Aux européennes du 26 mai 2019, le candidat d’Europe Ecologie-Les Verts Yannick Jadot a recueilli 13,47 % des suffrages exprimés sur un positionnement ni gauche ni droite : « Le mandat que nous avons reçu, c’est de sauver l’avenir, pas le passé. » Depuis, il proclame sa volonté aux municipales de « gagner Paris, Nantes, Rennes, Toulouse »…. Il veut exercer le pouvoir, avec la présidentielle de 2022 en ligne de mire. Pourtant le parti était devenu ces derniers temps une coquille vide, dévitalisé par ses luttes internes et son alliance avec le PS de François Hollande. Une résurrection est-elle possible ? L’écologie politique peut-elle incarner un parti de gouvernement ? Le contexte s’y prête. L’écologie est devenue la principale préoccupation des électeurs et la grande cause de mobilisation des jeunes. Et si EELV se mettait comme les Verts allemands à s’unir tantôt avec la gauche, tantôt avec le centre droit pour exercer des responsabilités de premier plan, une page politique serait bel et bien tournée. C’en serait fini de « la social-écologie » à laquelle s’accrochent les socialistes pour tenter de refaire surface.*
Ce qui peut permettre le succès de ceux qui posent l’écologie comme pierre angulaire de toute politique, ce sont les urgences environnementales. Une prise de conscience réelle qui n’a qu’un an à peine. On votait Vert depuis la présidentielle de 1974 comme aiguillon pour faire avancer la cause écologique, aujourd’hui cela devient un vote de conviction. Voter Écolo, un vote utile, c’est nouveau et mobilisateur. L’attachement des populations à leur pays et à leur territoire sera une force considérable pour protéger ce qui peut encore l’être des désastres qui s’annoncent. Mais l’ampleur des mesures à prendre, qui doivent témoigner d’une rupture radicale avec la société de croissance, seront difficiles à prendre. Il suffit de se rappeler que les manifestations des Gilets jaunes pendant des mois et des mois avaient pour point de départ un refus de la taxe carbone, mesure pourtant indispensable pour réduire les émissions de gaz à effet de serre. Toutes les mesures jugées punitives et technocratiques visant à une transition autoritaire seraient largement rejetées. Il était facile d’agréger les votes sur « je suis le parti du climat et de l’avenir, on doit agir pour nos enfants ». Il sera beaucoup plus difficile de rassembler sur « on doit sortir du système productiviste, de la croissance économique, de la société de consommation, de la défense du pouvoir d’achat, et lourdement taxer les produits polluants du panier de la ménagère et du budget du conducteur ». D’autre part l’électeur peut rattacher un certain nombre de domaines à l’écologie, santé, Agriculture, Politique de l’énergie et du logement etc… Mais comment l’écologie politique peut-elle aborder d’autres facettes du pouvoir, la politique éducative, la Défense nationale, les Affaires Étrangères, les flux migratoires ?
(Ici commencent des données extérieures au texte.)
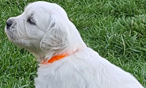 Bella is an AKC registered English Cream Golden Retriever with a gorgeous creamy-white coat. She has a sturdy, well-proportioned frame with a friendly, affectionate nature, keen intelligence, and calm, patient demeanor. Her offspring will make ideal family pets or therapy dogs. Bella loves going on walks, playing in the snow or water and is great around other family pets.

Qui peut imaginer que le défi écologique pourra se relever seulement à la marge ? Chaque ministère traditionnel devrait avoir une optique écologique explicite dans son périmètre d’action. Par exemple, le ministère de la Jeunesse, qui actuellement ne s’intéresse qu’aux jeunes d’aujourd’hui, sera également celui des Générations futures. Nous voulons un gouvernement qui considère que l’écologie est un problème transversal, qui doit être traité en synergie par tous les ministres sans exception :
- ministre de l’Économie biophysique et des Flux financiers
- ministre de l’Énergie durable en adéquation avec les besoins
- ministre de l’Équilibre entre population et alimentation
- ministre du Travail et du Temps partagé
- ministre de la Protection civile des populations
- ministre de la Relocalisation et de la mobilité
- ministre des techniques douces et appropriées
- ministre de l’Espérance de vie en bonne santé
- ministre de la Sobriété partagée et de la Lutte contre les inégalités
- ministre de la Jeunesse et des Générations futures
- ministre de la Nature et de la Biodiversité
- ministre de la Subsidiarité entre territoires
NB : Dans son livre « L’écologie à l’épreuve du pouvoir » (2016), Michel Sourrouille détaille le programme de chacun de ces ministères en montrant que l’écologie est la matrice dans laquelle doit se former tous les autres paramètres : un politique performant est d’abord un bon écologiste.